§ **TASK**
Every line from the one with "Jersey voli /" through the last line below should be repeated exactly; pictures stay out of the copy.

[Stored entries]
---+---

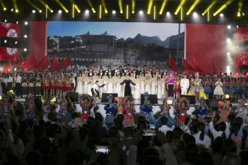 (扎西多吉的倾情演绎) 晚会在合唱《我爱你,中国》的深情演绎中落下帷幕。晚会活动还通过央视新闻移动网、新华社现场云、中国网+、中国网上电视台、广西视听、百度、优酷、腾讯视频、新浪微博等20多个媒体平台进行线上同步直播,据统计,浏览播放量达1050.27万多人次,让身处世界各地的校友和关心职教中心的朋友共同欣赏到代表着职教中心40年巨变的文化盛宴,共同见证到了这一历史性的精彩时刻。
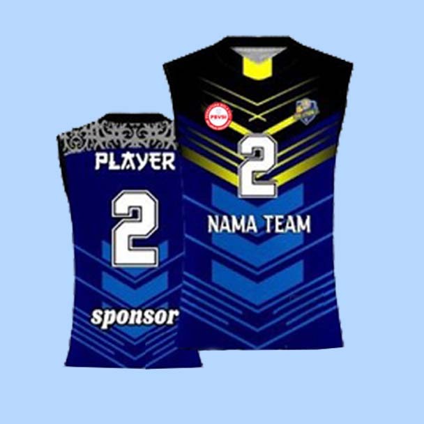 Jersey voli / volly pria wanita full printing biru gradasi hitam free nama nomor dan logo
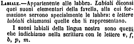Labiale - Appartenente alle labbra. Labiali diconsi quei suoni elementari della favella, alla cui formazione servono specialmente le labbra: e lettere labiali chiamansi quelle che li rappresentano.
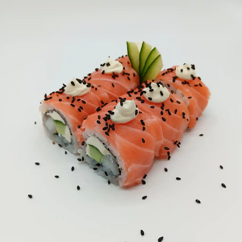 Saumon, crevette, concombre, fromage frais, algue nori, riz vinaigré et graines de sésame, 6 pièces
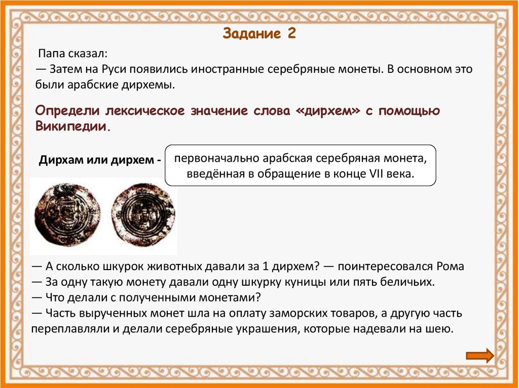 — А сколько шкурок животных давали за 1 дирхем? — поинтересовался Рома

---+---

§ **EXPECTED OUTPUT**
 Jersey voli / volly pria wanita full printing biru gradasi hitam free nama nomor dan logo
Labiale - Appartenente alle labbra. Labiali diconsi quei suoni elementari della favella, alla cui formazione servono specialmente le labbra: e lettere labiali chiamansi quelle che li rappresentano.
 Saumon, crevette, concombre, fromage frais, algue nori, riz vinaigré et graines de sésame, 6 pièces
 — А сколько шкурок животных давали за 1 дирхем? — поинтересовался Рома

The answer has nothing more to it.